Goodman’s new book chronicles two decades of activist journalism.
Amy Goodman is no stranger to Madison.
When nearly 200,000 people filled the Capitol Square to protest Gov. Scott Walker’s union-busting bill in 2011, Goodman, the host of Democracy Now!, was there, offering her characteristic, almost deadpan, coverage and analysis. Goodman recalled the scene during a recent book tour stop at Pitzer College in California: “I’ve never seen anything like it. You had kids with dreadlocks down their backs, they were drumming on anything in front of the governor’s office, and the police were rocking out next to them.”
Goodman will be back in Madison on May 18, sharing stories from her new book, Democracy Now!: Twenty Years Covering the Movements Changing America, which she co-wrote with her brother, David Goodman, and journalist Denis Moynihan.
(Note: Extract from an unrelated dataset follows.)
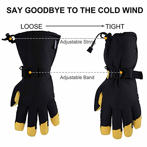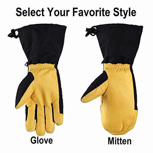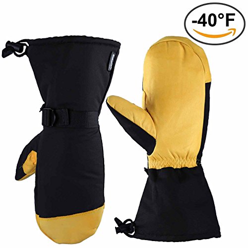 -. Feature : SUPER WARM AND COMFORTABLE - Ozero's long ski gloves are lined with TR cotton and filled with 150g per inch of 3M Thinsulate thermal cotton to provide superior warmth in cold climates. These gloves will keep your hands warm in temperatures as low as -40ºF. / WINDPROOF, WATER-RESISTANT, YET BREATHABLE - The unique design of Ozero's winter gloves feature windproof and water-resistant nylon which protects your skin from harsh weather but allows air to flow through the gloves to keep your hands comfortable and sweat-free. / GREAT FOR WINTER CHORES AND OUTDOOR FUN - These Thermal gloves with 5 inches extra long sleeves are perfect for men or women. The adjustable belt at the wrist and elastic at the cuff allow you to keep warmth in the heavy wind and snow out. The leather palm adding a cowhide patch between thumb and forefinger provides superior durability and aids in grip on shovels, ski poles or hockey sticks. / AVAILABLE AS GLOVES OR MITTENS - Ozero's winter sports gloves are available as gloves and mittens. The glove design gives your fingers more flexibility. The mittens keep your fingers closer together, which enhances warmth but each finger has its own space inside the glove so they are comfortable. / PERFECT FIT - Choose from L , XL ,XXL for a perfect fit and Gloves, Mittens for your love. Measure your hand circumference to find the right size on the image diagram.If you are debating between two sizes, choose the larger size.

In addition to revisiting her experiences covering the “Wisconsin Uprising,” the book also chronicles the street clashes at the World Trade Organization Conference in 1999 (“the Battle in Seattle”) and the Occupy Wall Street encampment in New York City’s Zuccotti Park.
Goodman’s stop at the Barrymore Theatre is part of a 100-city tour celebrating the 20th year of her internationally syndicated news program, Democracy Now! The event will benefit WORT 89.9 FM, which has aired the radio program since the beginning. “We first started airing [Democracy Now!] during the presidential conventions in 1996,” says Norm Stockwell, operations coordinator at WORT.
The loyalty has been mutual. “Amy Goodman has always been incredibly supportive of the station and very generous with her time coming to town for benefit events like this one,” adds Stockwell.
Since its humble start on the small, independent radio station WBAI in New York City, Democracy Now! has grown into a public media powerhouse; it currently broadcasts on 1,400 television and radio stations as well as on the internet. “From the very beginning, Goodman has seen her role as giving voice to the unrepresented and underrepresented issues of our time,” says Stockwell.
The event at the Barrymore begins at 7:30 p.m. and will open with music from Newsical Muse with Ken Lonnquist and Dave Adler. The program is being presented by the Wisconsin Book Festival in partnership with A Room of One’s Own and WORT.